• _To do_: Leaving out any pictures, print the entries that follow exactly as they stand.

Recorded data
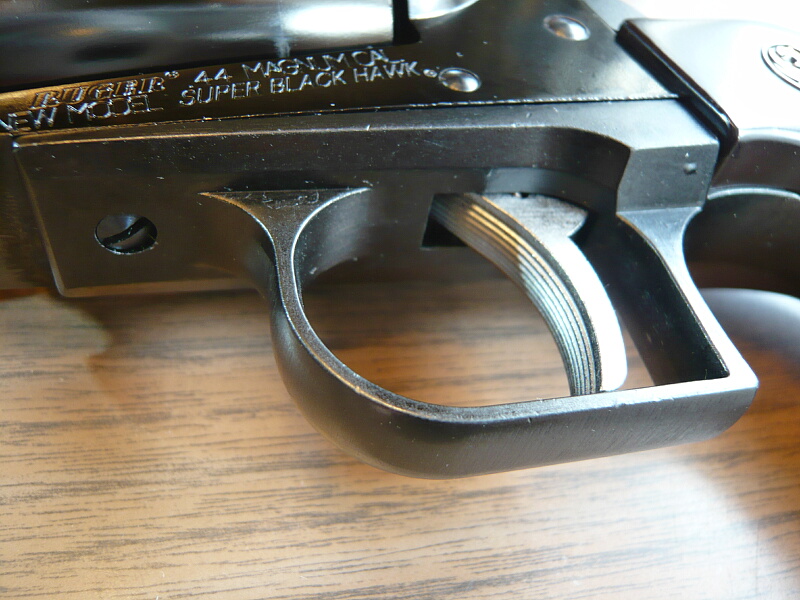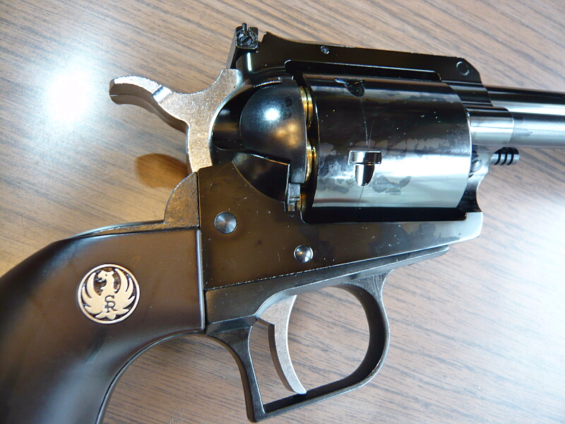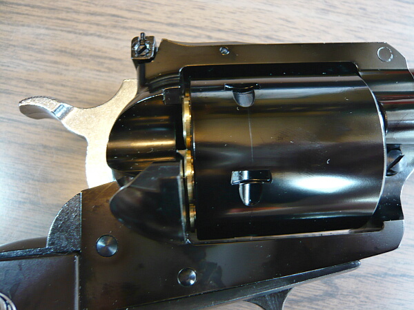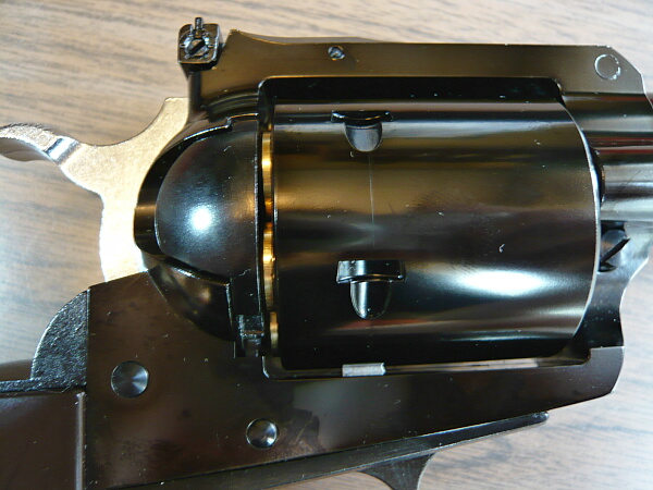 フレーム左面。シリンダーの下に刻印があり、「ニューモデル」・スーパーブラックホークである事が示されています。シリンダーは.44マグナム弾を使用するための強化としてフルート(溝)が省略され、シリンダー自体が巨大な円筒状の異様さを醸しています。
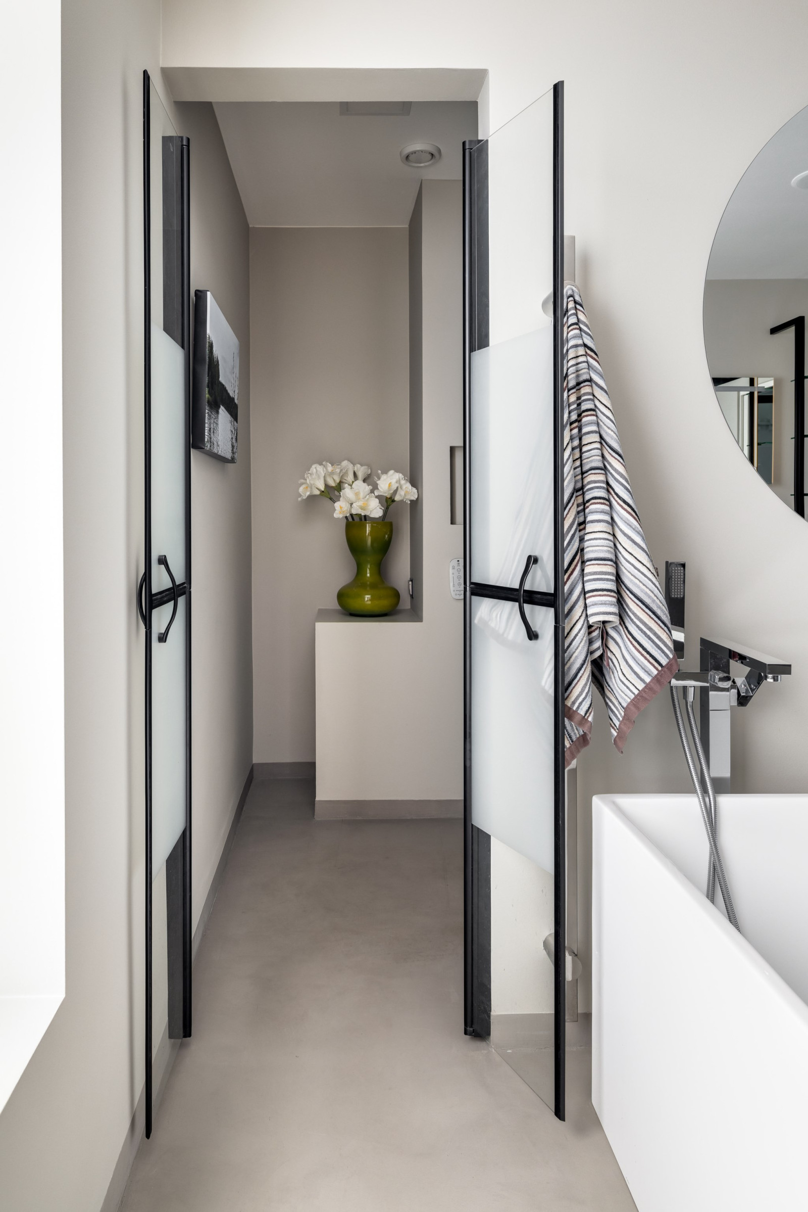 Huvudentrén är utrustad med en hel elektronisk ytterdörr som öppnas diskret med ett knapptryck – en detalj som sätter tonen för den avancerade teknik som präglar hela bostaden. I direkt anslutning till hallen finns en gästtoalett med beröringsfri blandare för en extra bekväm vardag.
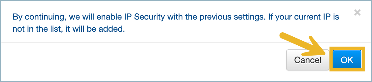 2. A confirmation message will appear: “By continuing, we will enable IP Security with the previous settings. If your current IP is not in the list, it will be added.”
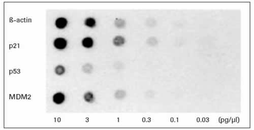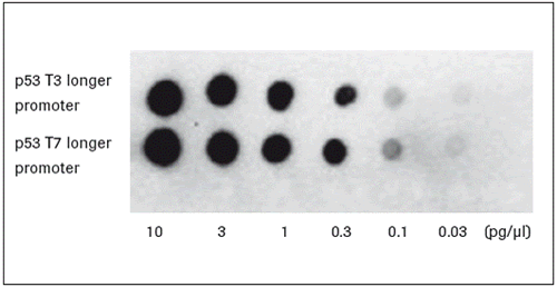 圖2: DIG探針標記反應的靈敏度檢測實驗。顯色條件為羅氏化學發(fā)光試劑CDP-Star,曝光5min。該實驗結(jié)果表明,所有探針(除p53探針)均在0.1pg濃度處檢出。(數(shù)據(jù)來源于Roche Cancer Research Application Note No. 10, Weil et al., June 2011)
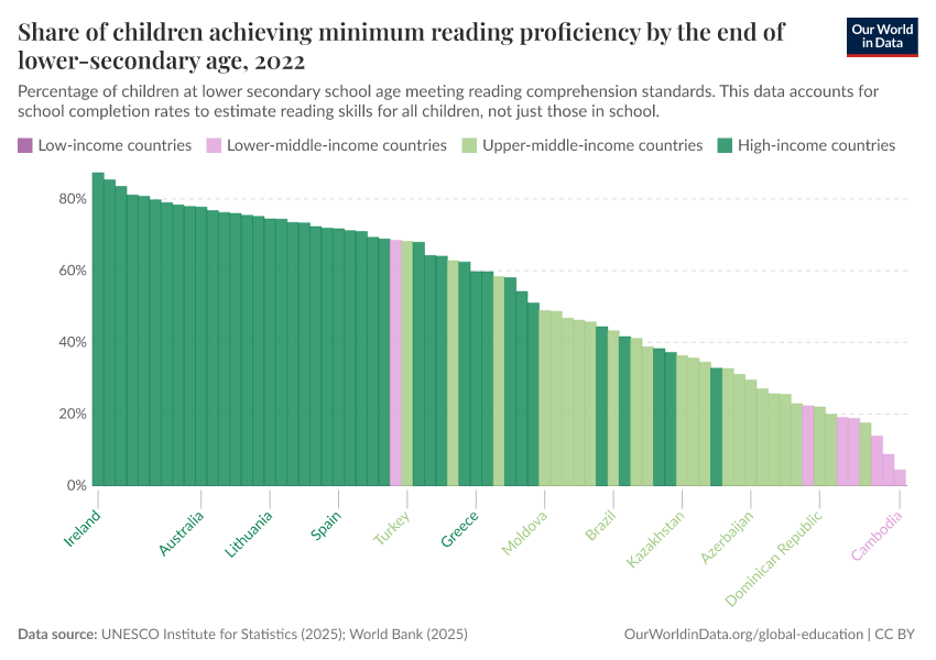 UNESCO Institute for Statistics (2025) – with minor processing by Our World in Data. “Share of children achieving minimum reading proficiency by the end of lower secondary age” [dataset]. UNESCO Institute for Statistics, “UNESCO Institute for Statistics (UIS) - Education” [original data]. Retrieved March 5, 2026 from https://ai-search-suggested-topics-k.owid.pages.dev/grapher/share-of-children-reaching-sufficient-reading-comprehension-by-the-end-of-lower-secondary-age
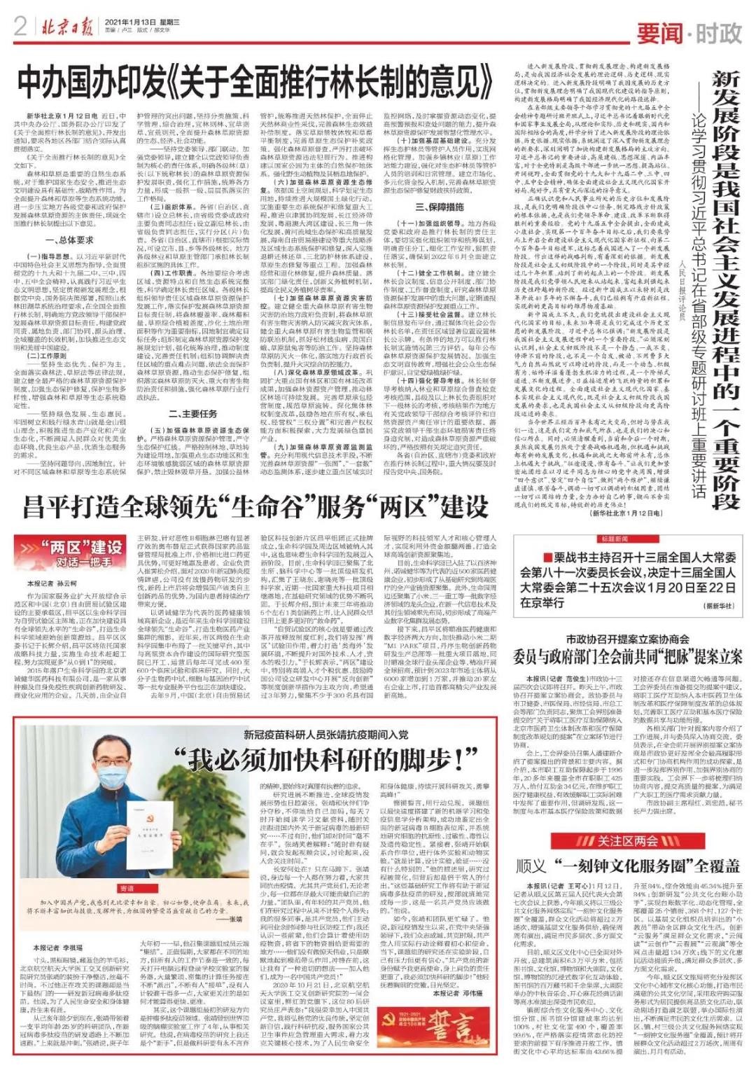 《北京日报》要闻版2021年1月13日报道我校医工交叉创新研究院生物医学工程高精尖中心研究员张靖抗疫期间入党事迹
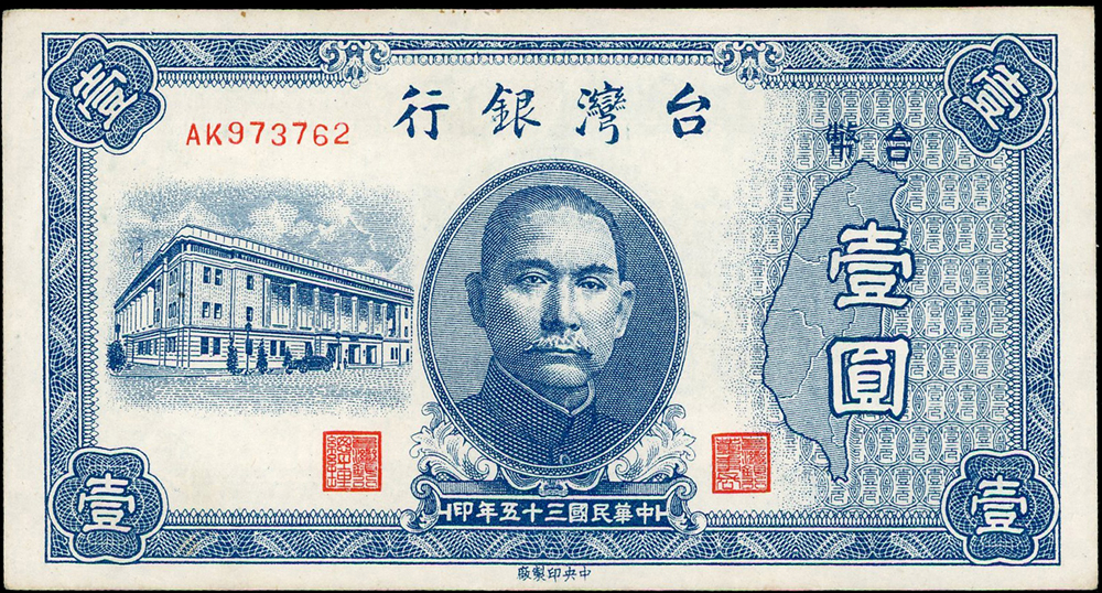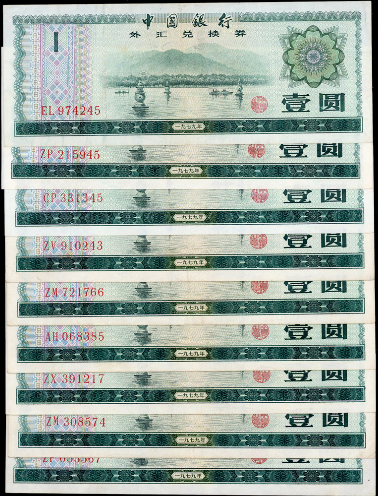 兩岸鈔券:(1)台灣老台幣民國35年1元.10元各1枚,85-90新;金門民國58年50元,數折,70新;(2)中國銀行外匯券:1979年1元16枚.5角3枚.1角14枚,其中1元約8枚中折,其餘無折,80-全新
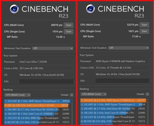 老版本测试程序(CINEBENCH R23)显示,英特尔平台得分28978,AMD平台得分32219,前者比后者低了十分之一,因为在老旧系统环境下,AMD处理器的多核心性能表现更为突出
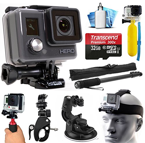 GoPro HERO+ LCD HD Video Recording Camera + SanDisk 32GB Micro SDHC Card + Medium Hard Case + Head Strap + Chest Strap & Hand Strap + Floating Handle + Monopod/Selfie Stick + Card Reader + Accessories

• _Response area_:
 フレーム左面。シリンダーの下に刻印があり、「ニューモデル」・スーパーブラックホークである事が示されています。シリンダーは.44マグナム弾を使用するための強化としてフルート(溝)が省略され、シリンダー自体が巨大な円筒状の異様さを醸しています。
 Huvudentrén är utrustad med en hel elektronisk ytterdörr som öppnas diskret med ett knapptryck – en detalj som sätter tonen för den avancerade teknik som präglar hela bostaden. I direkt anslutning till hallen finns en gästtoalett med beröringsfri blandare för en extra bekväm vardag.
 2. A confirmation message will appear: “By continuing, we will enable IP Security with the previous settings. If your current IP is not in the list, it will be added.”
 圖2: DIG探針標記反應的靈敏度檢測實驗。顯色條件為羅氏化學發(fā)光試劑CDP-Star,曝光5min。該實驗結(jié)果表明,所有探針(除p53探針)均在0.1pg濃度處檢出。(數(shù)據(jù)來源于Roche Cancer Research Application Note No. 10, Weil et al., June 2011)
 UNESCO Institute for Statistics (2025) – with minor processing by Our World in Data. “Share of children achieving minimum reading proficiency by the end of lower secondary age” [dataset]. UNESCO Institute for Statistics, “UNESCO Institute for Statistics (UIS) - Education” [original data]. Retrieved March 5, 2026 from https://ai-search-suggested-topics-k.owid.pages.dev/grapher/share-of-children-reaching-sufficient-reading-comprehension-by-the-end-of-lower-secondary-age
 《北京日报》要闻版2021年1月13日报道我校医工交叉创新研究院生物医学工程高精尖中心研究员张靖抗疫期间入党事迹
 兩岸鈔券:(1)台灣老台幣民國35年1元.10元各1枚,85-90新;金門民國58年50元,數折,70新;(2)中國銀行外匯券:1979年1元16枚.5角3枚.1角14枚,其中1元約8枚中折,其餘無折,80-全新
 老版本测试程序(CINEBENCH R23)显示,英特尔平台得分28978,AMD平台得分32219,前者比后者低了十分之一,因为在老旧系统环境下,AMD处理器的多核心性能表现更为突出
 GoPro HERO+ LCD HD Video Recording Camera + SanDisk 32GB Micro SDHC Card + Medium Hard Case + Head Strap + Chest Strap & Hand Strap + Floating Handle + Monopod/Selfie Stick + Card Reader + Accessories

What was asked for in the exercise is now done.